** Exercise directions **
Images aside, return all the entries exactly.

Task data: Begin

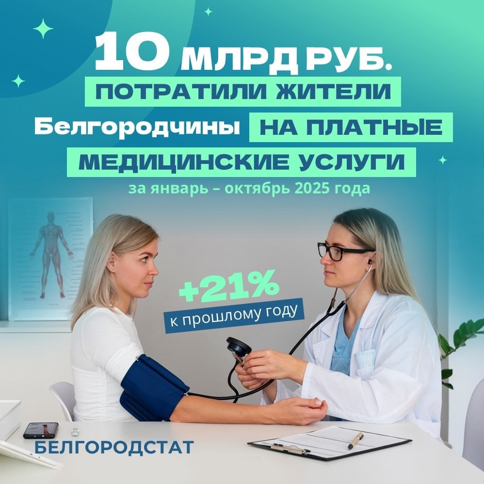 Белгородцы потратили 10 млрд рублей на платные медицинские услуги за 10 месяцев 2025 года В Белгородстате изучили траты белгородцев на платные медицинские услуги за период с января по октябрь 2025 года. В перечень платных медуслуг специалисты статистики отнесли помощь, которая оказывается пациенту вне программы обязательного медицинского страхования. Это, например, лечение, консультация или диагностика, не входящие в перечень ОМС. За год в Белгородской области на 17% повысились траты жителей на лекарственные препараты. В среднем жители региона тратят на медикаменты до 2 470 рублей. Большую часть покупателей лекарств (54%) составляют люди в возрасте старше 45 лет. На них приходится до 66% расходов. Подписаться на 🗞🗞 | Поддержать бустом
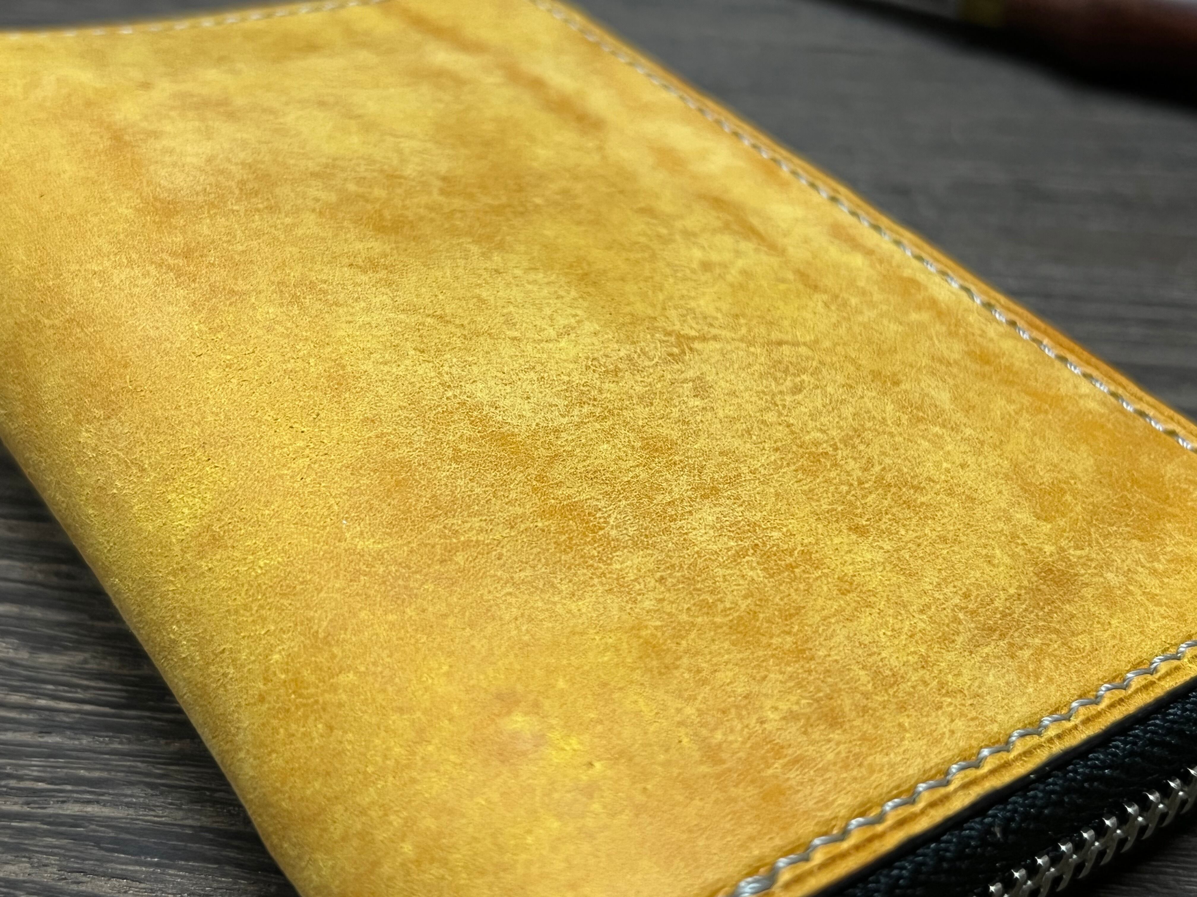 イタリアのタンナー、IL PONTE社のMAYAという革を外装に使用したラウンドファスナーウォレットです。
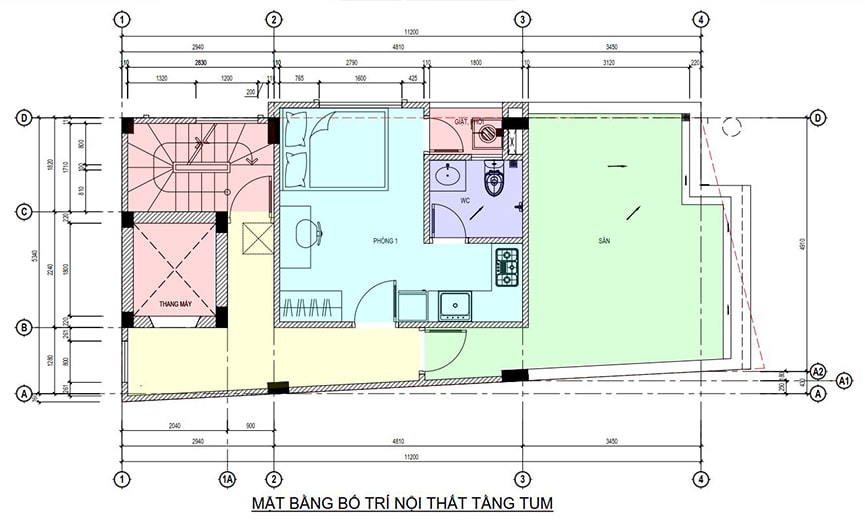 Mặt bằng công năng nhà ống 5 tầng hiện đại
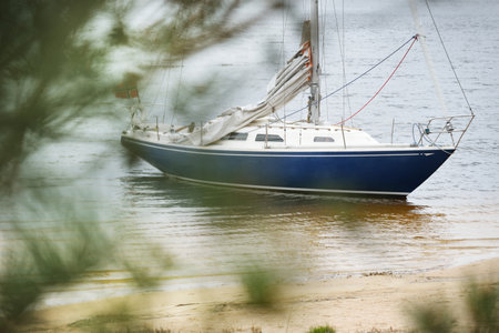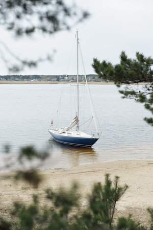 Yacht anchored in the shallow water near the sandy beach and evergreen forest, close-up. Lule river, Sweden. Travel destinations, sport, amateur recreational sailing
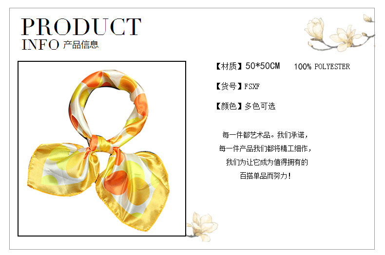 正方形の使いやすい形状で、様々なアレンジが可能なスカーフです。
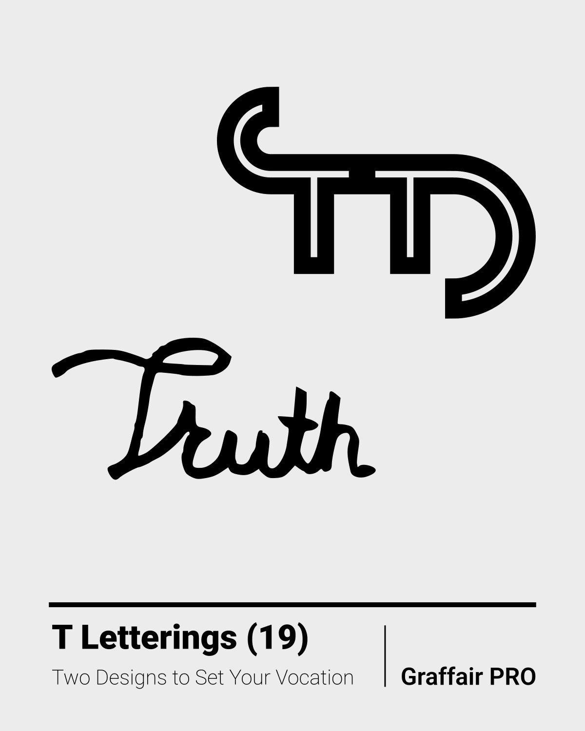 T Letterings (19): The 19th set of two original "T" logo lettering designs to edit and evolve your typography on your visual branding project. These letterings are part of the "800 SVG Letterings" bundle.

Task data: End

** Reply **
 Белгородцы потратили 10 млрд рублей на платные медицинские услуги за 10 месяцев 2025 года В Белгородстате изучили траты белгородцев на платные медицинские услуги за период с января по октябрь 2025 года. В перечень платных медуслуг специалисты статистики отнесли помощь, которая оказывается пациенту вне программы обязательного медицинского страхования. Это, например, лечение, консультация или диагностика, не входящие в перечень ОМС. За год в Белгородской области на 17% повысились траты жителей на лекарственные препараты. В среднем жители региона тратят на медикаменты до 2 470 рублей. Большую часть покупателей лекарств (54%) составляют люди в возрасте старше 45 лет. На них приходится до 66% расходов. Подписаться на 🗞🗞 | Поддержать бустом
 イタリアのタンナー、IL PONTE社のMAYAという革を外装に使用したラウンドファスナーウォレットです。
 Mặt bằng công năng nhà ống 5 tầng hiện đại
 Yacht anchored in the shallow water near the sandy beach and evergreen forest, close-up. Lule river, Sweden. Travel destinations, sport, amateur recreational sailing
 正方形の使いやすい形状で、様々なアレンジが可能なスカーフです。
 T Letterings (19): The 19th set of two original "T" logo lettering designs to edit and evolve your typography on your visual branding project. These letterings are part of the "800 SVG Letterings" bundle.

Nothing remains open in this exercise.